Kennis Big Data - Not Just a Size Issue

Big Data - Not Just a Size Issue

Today, many companies face an ever growing pool of data they need to store. Data such as logging user activity, audit feeds, marketing data, user analysis data and so forth... Whatever the case, large amounts of data are no longer the exclusive realm of the Googles and Microsofts of the world.

More and more companies realize they need to tackle the challenges raised by Big Data wether it's for the present or for the future.

The Big Data Problem

Fortunately there are plenty of tools capable of not only storing data, but also making sure that data is retrievable in a timely manner. Classic databases are still the choice of many when it comes to storing data, and they're better suited to the task than ever before. But the amount of data is not the whole issue – though it is a big part of it – the problem is a bit more complex than that...

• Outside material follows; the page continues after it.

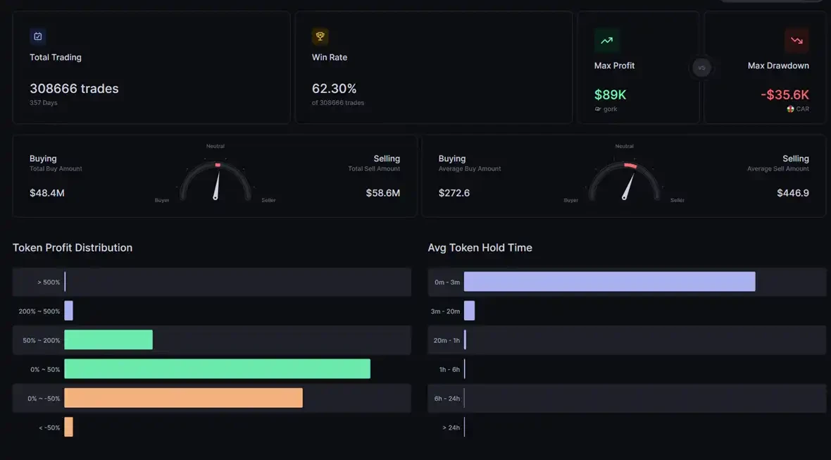 過去 30 天實現利潤約 72.7 萬美元;過去 7 天達 19 萬美元。支撐這筆巨額收益的,是 357 天內累計 308,666 筆交易——勝率 62.3%,平均持倉時間中位數僅 7 秒。

The main aspects of the Big Data problem are:

  • Size
  • Speed
  • Diversity

Size

Anyone can relate to the size issue: the sheer amount of data is still something that requires attentive management. Just 'winging it' is simply not an option and chances are that trying to deal with large amounts of data when problems already arose, is just too costly. Instead, it is something you need to plan for. That does not mean you should immediately invest in expensive tools if you don't need them, but it certainly doesn't hurt to think ahead: how can I implement these tools later on?

Speed

How many people would use Spotify if it took 5 minutes of buffering before you could listen to a track? Products and services today are faced with the challenge of retrieving their data in a timely manner (and usually, the quicker the better!). But it's not only applicable to users of a product. Companies can use their data to make certain decisions and if it takes a long time to gather all the data this can become a tedious task. Therefore, data should be (made) available as fast as possible for most types of data.

Diversity

Remember the time when anything you could possibly want to store could be easily modeled in a hierarchical manner and stored in rows with foreign key columns describing their interdependencies? No? Neither do I...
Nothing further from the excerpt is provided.